■ Excerpted data

▶

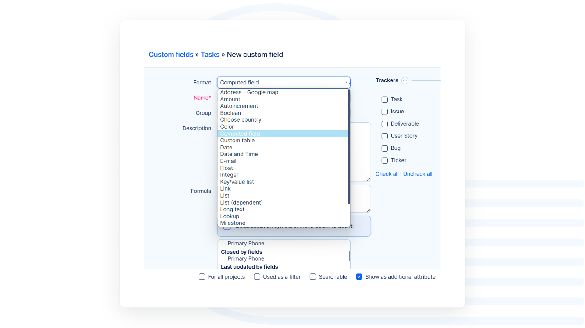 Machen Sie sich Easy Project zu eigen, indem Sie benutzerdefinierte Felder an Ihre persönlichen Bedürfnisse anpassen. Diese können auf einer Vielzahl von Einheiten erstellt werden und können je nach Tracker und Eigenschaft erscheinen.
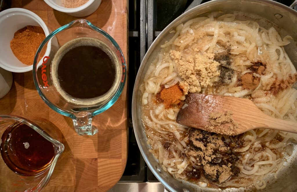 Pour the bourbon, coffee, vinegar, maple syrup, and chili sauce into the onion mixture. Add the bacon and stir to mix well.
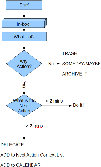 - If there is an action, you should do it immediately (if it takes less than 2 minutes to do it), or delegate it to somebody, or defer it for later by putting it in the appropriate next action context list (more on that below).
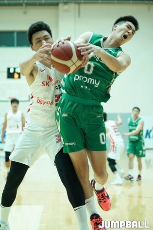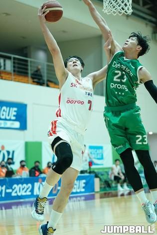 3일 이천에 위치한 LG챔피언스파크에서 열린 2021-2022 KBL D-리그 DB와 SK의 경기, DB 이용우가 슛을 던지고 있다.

◀
▶

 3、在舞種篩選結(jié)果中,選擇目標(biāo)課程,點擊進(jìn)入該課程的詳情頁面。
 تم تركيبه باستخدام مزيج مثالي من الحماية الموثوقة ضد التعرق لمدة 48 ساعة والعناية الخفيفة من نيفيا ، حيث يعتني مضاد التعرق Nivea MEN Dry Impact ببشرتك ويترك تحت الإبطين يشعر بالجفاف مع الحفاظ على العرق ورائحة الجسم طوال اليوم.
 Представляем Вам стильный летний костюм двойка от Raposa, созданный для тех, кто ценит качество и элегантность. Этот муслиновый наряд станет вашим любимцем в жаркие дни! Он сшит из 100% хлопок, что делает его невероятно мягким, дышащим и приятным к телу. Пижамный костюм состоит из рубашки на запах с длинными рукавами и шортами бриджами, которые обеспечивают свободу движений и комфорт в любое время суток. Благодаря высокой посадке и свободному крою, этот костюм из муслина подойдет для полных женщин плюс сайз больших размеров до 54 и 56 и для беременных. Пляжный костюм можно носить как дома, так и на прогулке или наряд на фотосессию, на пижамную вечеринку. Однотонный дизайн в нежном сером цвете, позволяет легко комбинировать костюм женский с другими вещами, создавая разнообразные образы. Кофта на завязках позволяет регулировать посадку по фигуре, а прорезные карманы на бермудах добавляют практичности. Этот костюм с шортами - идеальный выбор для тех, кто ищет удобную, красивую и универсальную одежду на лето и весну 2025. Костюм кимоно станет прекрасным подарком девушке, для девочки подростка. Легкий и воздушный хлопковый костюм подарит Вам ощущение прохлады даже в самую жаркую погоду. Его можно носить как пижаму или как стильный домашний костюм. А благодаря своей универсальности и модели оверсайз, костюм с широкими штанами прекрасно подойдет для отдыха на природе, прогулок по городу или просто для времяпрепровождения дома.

◀

■ What you will do
Your answer must be everything above from the line with "Pour the bourbon, coffee, vinegar, maple" down to the line with "3일 이천에 위치한 LG챔피언스파크에서", word for word, and no pictures.

■ Result of the exercise
 Pour the bourbon, coffee, vinegar, maple syrup, and chili sauce into the onion mixture. Add the bacon and stir to mix well.
 - If there is an action, you should do it immediately (if it takes less than 2 minutes to do it), or delegate it to somebody, or defer it for later by putting it in the appropriate next action context list (more on that below).
 3일 이천에 위치한 LG챔피언스파크에서 열린 2021-2022 KBL D-리그 DB와 SK의 경기, DB 이용우가 슛을 던지고 있다.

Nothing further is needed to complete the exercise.